>>>

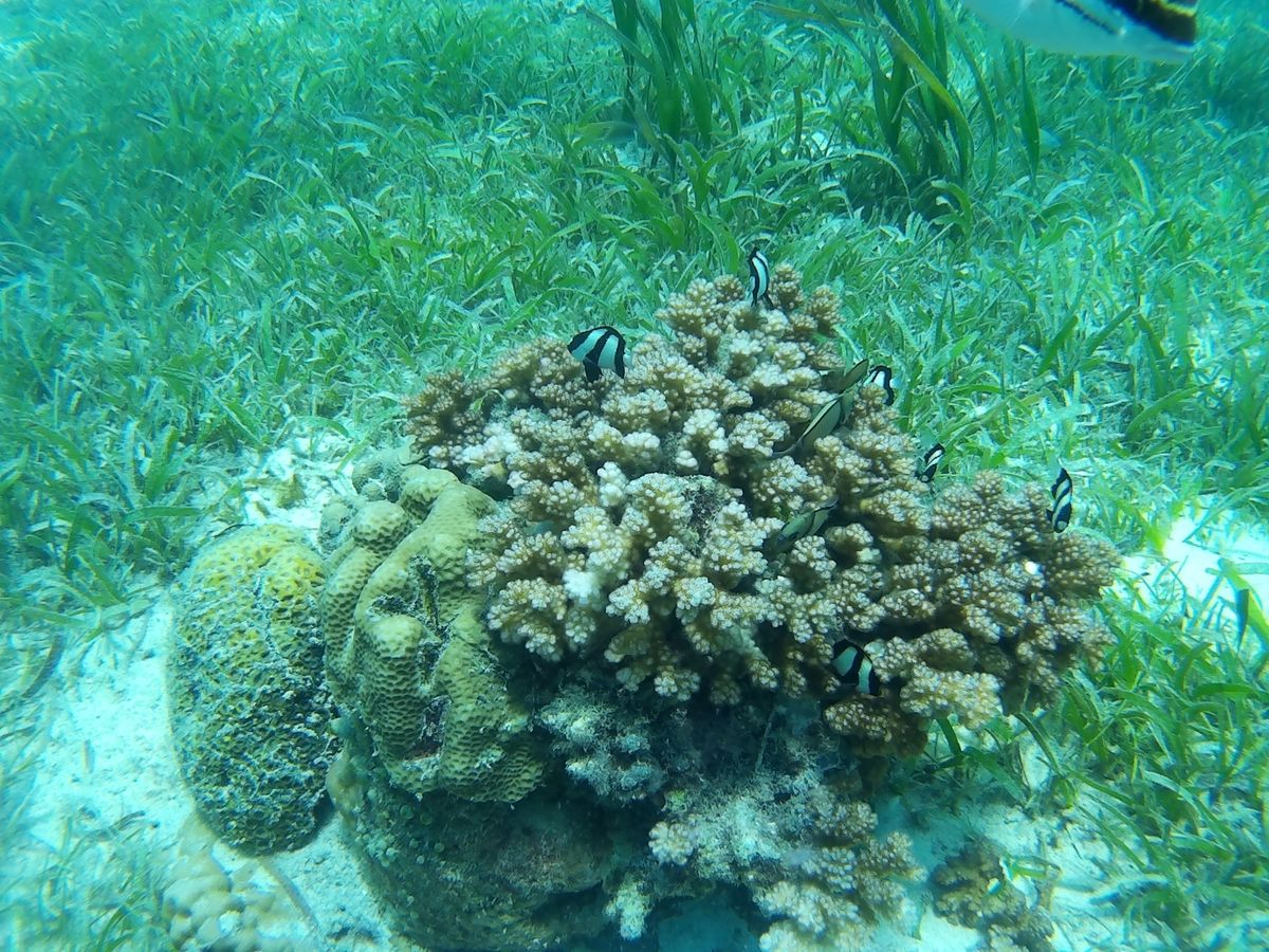 まず初めに、ビーチの浅瀬で用具の使い方について30分程度練習した。ボンベの使い方やトラブルの対処など潜りながら練習をすることができました。さらに、水中でのサインなどを確認し、習ったことを確認しながら実習をするので、一人一人のペースに合わせて指導してくれました。
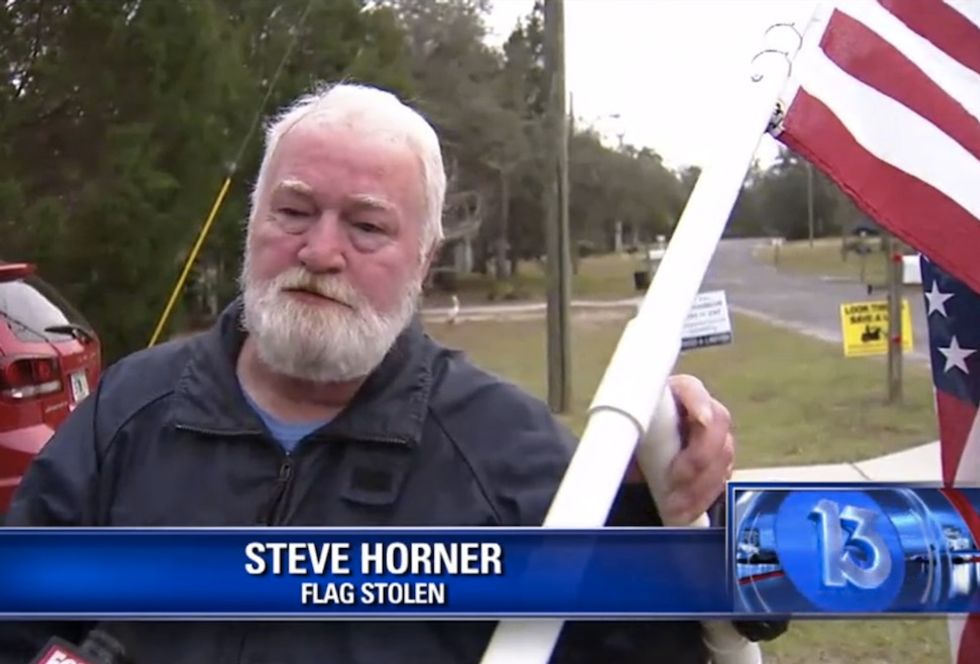 Horner told WTVT she wanted the U.S. flag taken down because her son and grandfather "both died." It isn't clear in what context her son and grandfather died, but Horner told the station he replied by saying "the flag ain't got nothing to do with it."
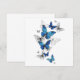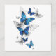 Flygande blå Butterflies morpho och vita fjärilar på en ljus abstrakt bakgrund. Morpho. Design med blå fjärilar morfin.
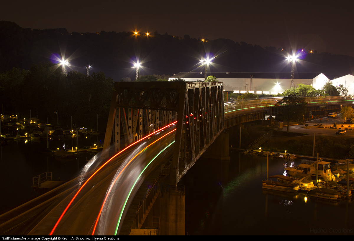 | The Silver Snake slithers with it's onboard passengers into McKeesport at around 11:15PM, being 20 minutes late to his next stop. He must quickly pick up speed as the trailing lights disappear on the bridge. |
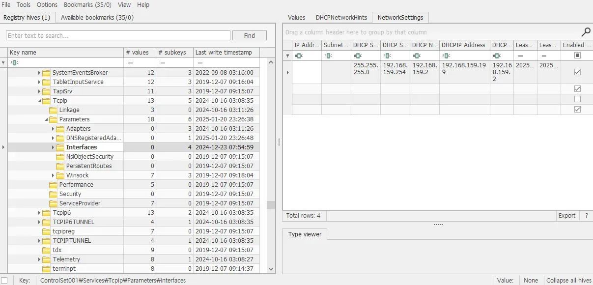 Task1 과 마찬가지로 Registry Explorer 로 Windows\System32\config\SYSTEM 를 로딩한다. Root\ControlSet001\Services\Tcpip\Parameters\Interfaces Key의 DHCPIP Address 값을 찾을 수 있다.
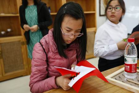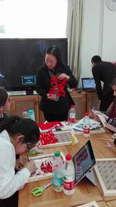 同学们分成两组,分别参加了剪纸与木工课程,每项课程大概两小时。走进剪纸教室,桌子上早已摆放好了剪刀、胶水、红纸以及装裱画框等。老师先为大家讲解了中国民间剪纸的历史发展,展示了传统花纹图样和常见的一些图案,以及剪纸图案中蕴含的民俗特征和文化含义。接下来,老师为大家现场演示了怎样剪“囍”字。按照老师传授的口诀,同学们很快就成功剪出了第一个作品。随后,老师又拿出一个“金鸡报晓”的图样,继续教给大家一些用剪刀的技巧,并给每位同学都做了单独的指导。大家一边动手,一边体会;不一会儿,一只只形象鲜明的大公鸡就跃然纸上了。最后,老师帮助大家亲手装裱了自己的作品,为大家的体验活动做了总结,还和大家合影留念。
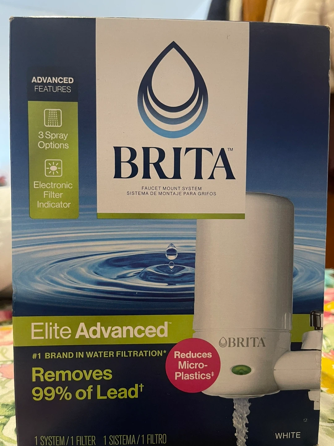 This Brita faucet mount water filter system is in white. It offers 3 spray options and an electronic filter indicator. The system reduces lead by 99% and micro-plastics. Filter lasts for 100 gallons (378 liters).
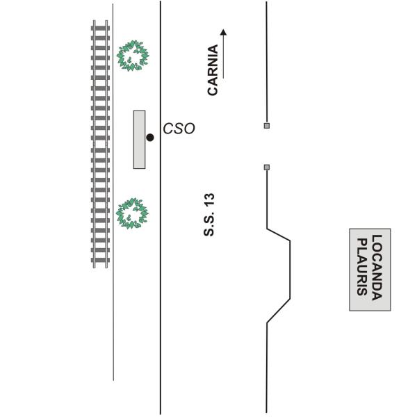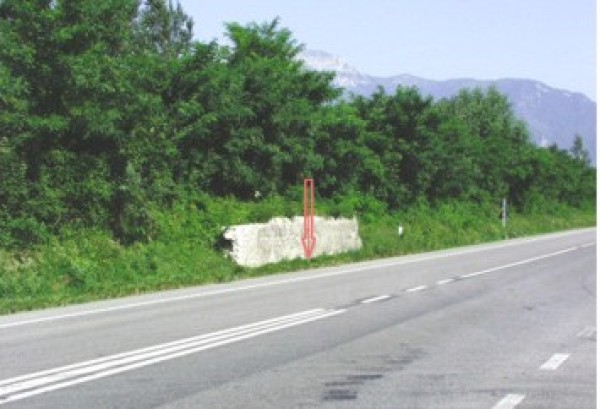 | Contrassegni | [{"simbolo_contrassegno":"B1","materializzazione":"(CSO) – In mezzeria dei resti del muro di un edificio sul lato sinistro della strada, direzione Carnia ."}] |
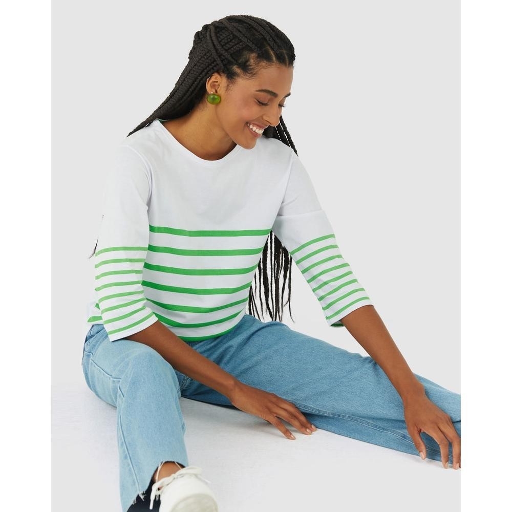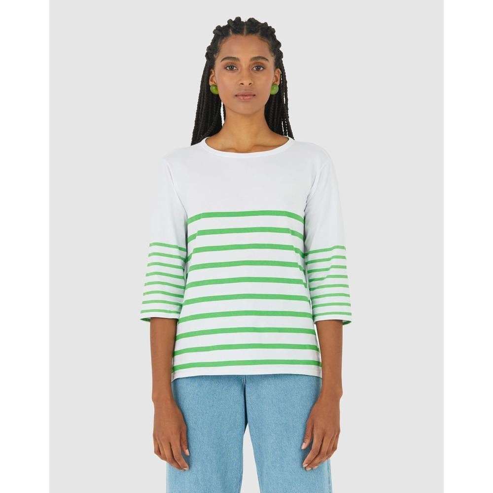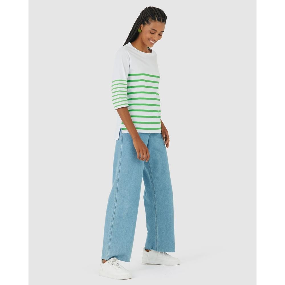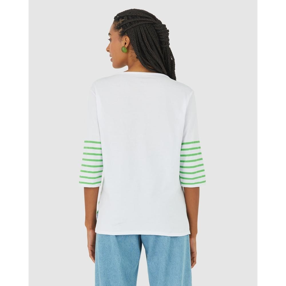Blusa Listrada Feminina Manga 3/4 Em Algodão

<<<

PROBLEM DETAILS
Every word of the material, and none of its pictures, should be set down again.

RESPONSE AREA
 まず初めに、ビーチの浅瀬で用具の使い方について30分程度練習した。ボンベの使い方やトラブルの対処など潜りながら練習をすることができました。さらに、水中でのサインなどを確認し、習ったことを確認しながら実習をするので、一人一人のペースに合わせて指導してくれました。
 Horner told WTVT she wanted the U.S. flag taken down because her son and grandfather "both died." It isn't clear in what context her son and grandfather died, but Horner told the station he replied by saying "the flag ain't got nothing to do with it."
 Flygande blå Butterflies morpho och vita fjärilar på en ljus abstrakt bakgrund. Morpho. Design med blå fjärilar morfin.
 | The Silver Snake slithers with it's onboard passengers into McKeesport at around 11:15PM, being 20 minutes late to his next stop. He must quickly pick up speed as the trailing lights disappear on the bridge. |
 Task1 과 마찬가지로 Registry Explorer 로 Windows\System32\config\SYSTEM 를 로딩한다. Root\ControlSet001\Services\Tcpip\Parameters\Interfaces Key의 DHCPIP Address 값을 찾을 수 있다.
 同学们分成两组,分别参加了剪纸与木工课程,每项课程大概两小时。走进剪纸教室,桌子上早已摆放好了剪刀、胶水、红纸以及装裱画框等。老师先为大家讲解了中国民间剪纸的历史发展,展示了传统花纹图样和常见的一些图案,以及剪纸图案中蕴含的民俗特征和文化含义。接下来,老师为大家现场演示了怎样剪“囍”字。按照老师传授的口诀,同学们很快就成功剪出了第一个作品。随后,老师又拿出一个“金鸡报晓”的图样,继续教给大家一些用剪刀的技巧,并给每位同学都做了单独的指导。大家一边动手,一边体会;不一会儿,一只只形象鲜明的大公鸡就跃然纸上了。最后,老师帮助大家亲手装裱了自己的作品,为大家的体验活动做了总结,还和大家合影留念。
 This Brita faucet mount water filter system is in white. It offers 3 spray options and an electronic filter indicator. The system reduces lead by 99% and micro-plastics. Filter lasts for 100 gallons (378 liters).
 | Contrassegni | [{"simbolo_contrassegno":"B1","materializzazione":"(CSO) – In mezzeria dei resti del muro di un edificio sul lato sinistro della strada, direzione Carnia ."}] |
Blusa Listrada Feminina Manga 3/4 Em Algodão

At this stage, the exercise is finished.